Your answer must be an exact copy of the lines below, from the first through the one with "У этого блюда", with no pictures.

---------- MATERIALS PROVIDED ----------

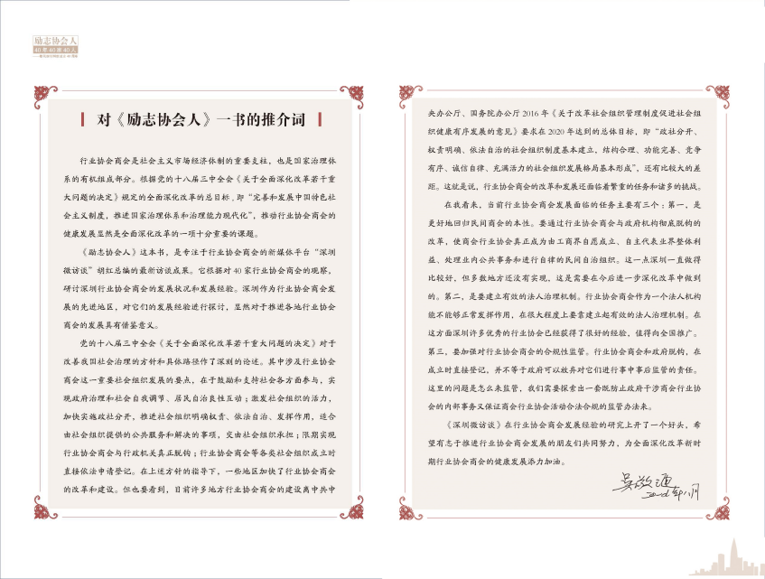 在《勵志協(xié)會人》40年40家40人的編著過程中,得到社會各界的關(guān)注、支持和高度肯定, 著名的經(jīng)濟(jì)學(xué)家吳敬璉說《勵志協(xié)會人》研討了深圳行業(yè)協(xié)會商會的發(fā)展?fàn)顩r和發(fā)展經(jīng)驗。深圳微訪談在行業(yè)協(xié)會商會發(fā)展經(jīng)驗的研究上開了一個好頭,希望有志于推進(jìn)行業(yè)協(xié)會商會發(fā)展的朋友們共同努力,為全面深化改革新時期行業(yè)協(xié)會商會的健康發(fā)展添力加油。
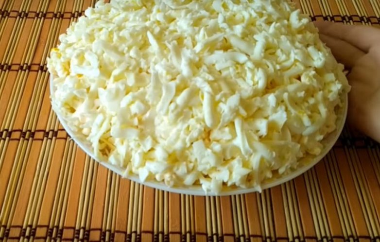 У этого блюда эффектный внешний вид, как у невесты на свадьбе. Если традиционные шуба и оливье тебе надоели, попробуй приготовить этот легкий салат с курицей.
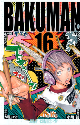 Temos aqui Bakuman, em seu 16° volume, e o unico dos lançados esse mês publicado no Brasil (pela JBC), a capa em si, tá bem legal, não sei como estão os capitilos atuais, mas de onde parei, não estava gostando muito da arte, espero que esteja melhor, enfim, o desenho de Obata continua bom.
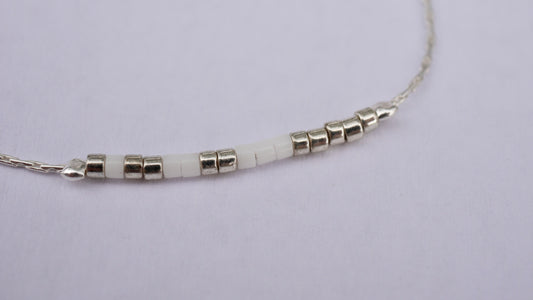 Parure collier + bracelet - Argent 925 - Chaine serpent fine - Perles de verre Miyuki blanches et argentés - Bijoux mariage - Minimaliste
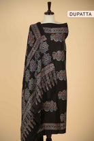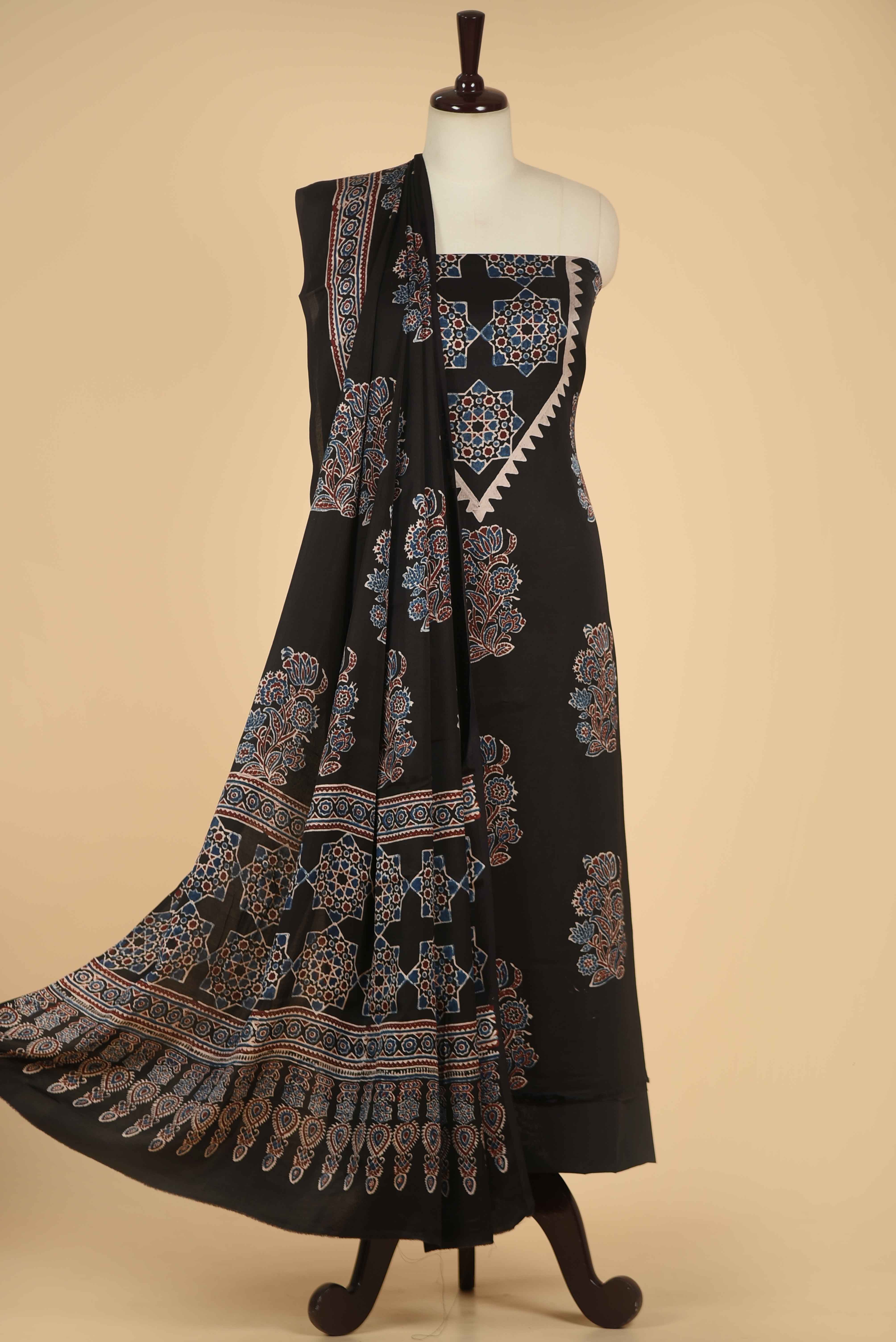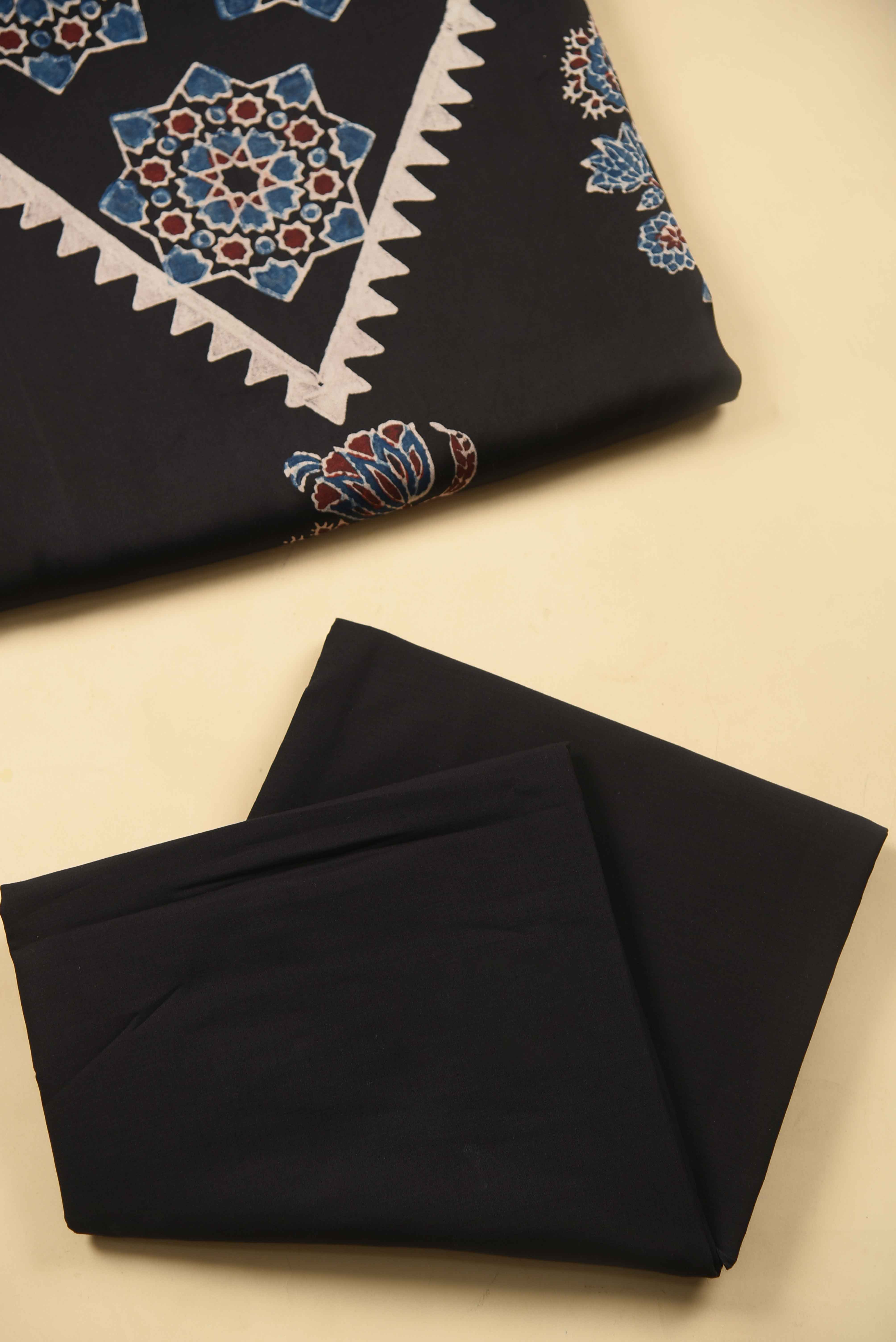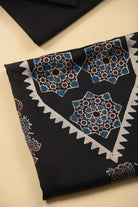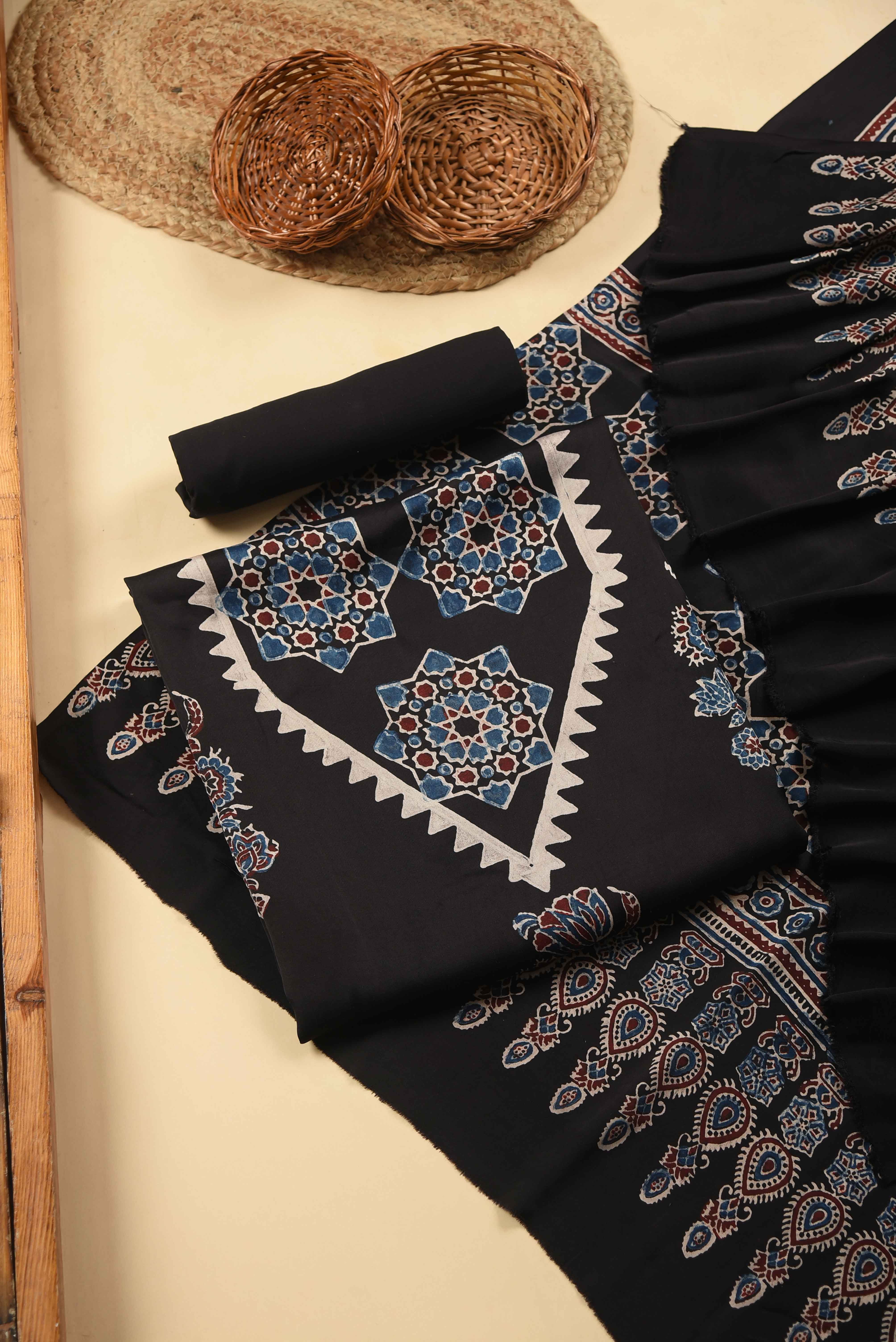 - Make a bold yet graceful statement with this Black Modal Silk Printed Unstitched Suit Fabric Set, inspired by timeless Ajrak artistry.

----------

▶ [WRITTEN SOLUTION]:
 在《勵志協(xié)會人》40年40家40人的編著過程中,得到社會各界的關(guān)注、支持和高度肯定, 著名的經(jīng)濟(jì)學(xué)家吳敬璉說《勵志協(xié)會人》研討了深圳行業(yè)協(xié)會商會的發(fā)展?fàn)顩r和發(fā)展經(jīng)驗。深圳微訪談在行業(yè)協(xié)會商會發(fā)展經(jīng)驗的研究上開了一個好頭,希望有志于推進(jìn)行業(yè)協(xié)會商會發(fā)展的朋友們共同努力,為全面深化改革新時期行業(yè)協(xié)會商會的健康發(fā)展添力加油。
 У этого блюда эффектный внешний вид, как у невесты на свадьбе. Если традиционные шуба и оливье тебе надоели, попробуй приготовить этот легкий салат с курицей.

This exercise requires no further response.